In another embodiment, a method and system are provided for tracking the sharing of content online. In one example, a traffic code embedded on a landing page on which the content is published provides traffic information for determining the viral potential. In one example, an identifier is a appended to the content URL for distinguishing internal traffic (paid-for views) from external traffic (not-paid-for views).
These and other embodiments of the present invention will be further described below.

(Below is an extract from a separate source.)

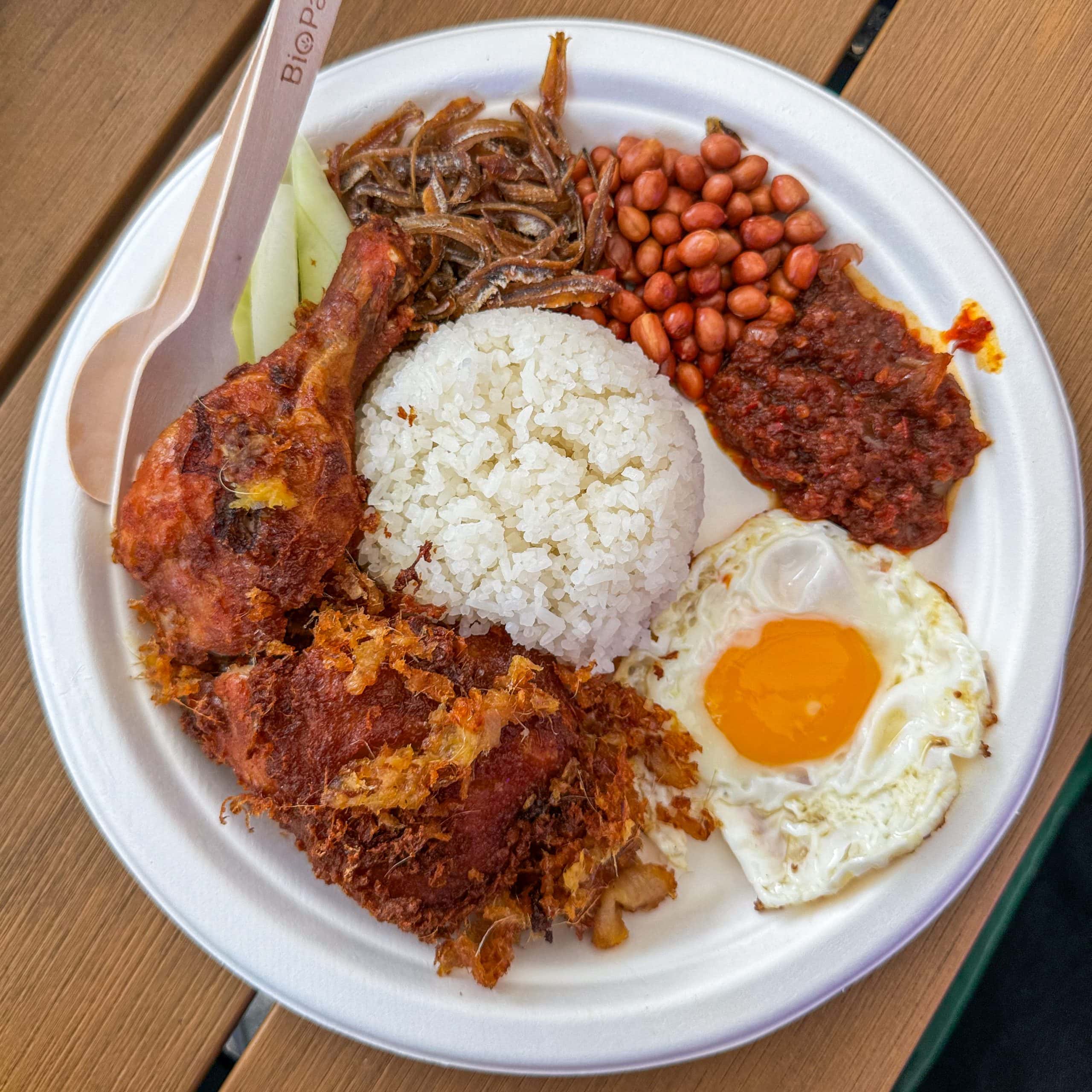You get a generous portion of spiced fried boneless chicken leg — we were served a thigh and drumstick during our visit — with cucumber, anchovies, peanuts, sambal, and a fried egg with a oozy yolk. I especially loved the crispy skin (plus the bits of batter) and the fiery, more savoury-than-sweet sambal. Shiok.

According to one embodiment of the invention, a method is provided for predicting a viral potential of online content published on a web page, the method comprising the steps of:
-
- a. monitoring an online network in real-time after an initial publication of the content for an amount of paid-for views of the online content and an amount of not-paid-for views of the content;
- b. computing a viral potential for the content based on a ratio of the not-paid-for views to the paid-for views;
- c. determining whether the viral potential satisfies a minimum threshold for promoting the content online.
In accordance with another embodiment, the step of computing the viral potential is further based on one or more factors comprising:
-
- a rate of change of the ratio;
- an amount of not-paid-for views of the content referred from social media sites;
- an amount of not-paid-for views of the content referred from search engines;
- an amount of not-paid-for views of the content from referring sites;
- an amount of not-paid for views of the content from direct visits;
- an amount of not-paid-for views of the content from select queries of search engines;
- an amount of not-paid-for views of the content referred from select search engines;
- an amount of not-paid-for views of the content referred from select referrers;
- a number of referring sites;
- a change in any of the above factors;
- a rate of change in any of the above factors; and
- a size of the content's publisher.
In accordance with another embodiment, the step of computing the viral potential is further based on the amount of not-paid-for views of the content.
In accordance with another embodiment, the step of determining whether the viral potential satisfies a minimum threshold includes satisfying both a threshold for the not-paid-for views and a threshold for the ratio.
In accordance with another embodiment, the monitoring for an amount of not-paid-for views comprises tracking referrals of the online content wherein the domain of the referrer is different from the domain of the web page.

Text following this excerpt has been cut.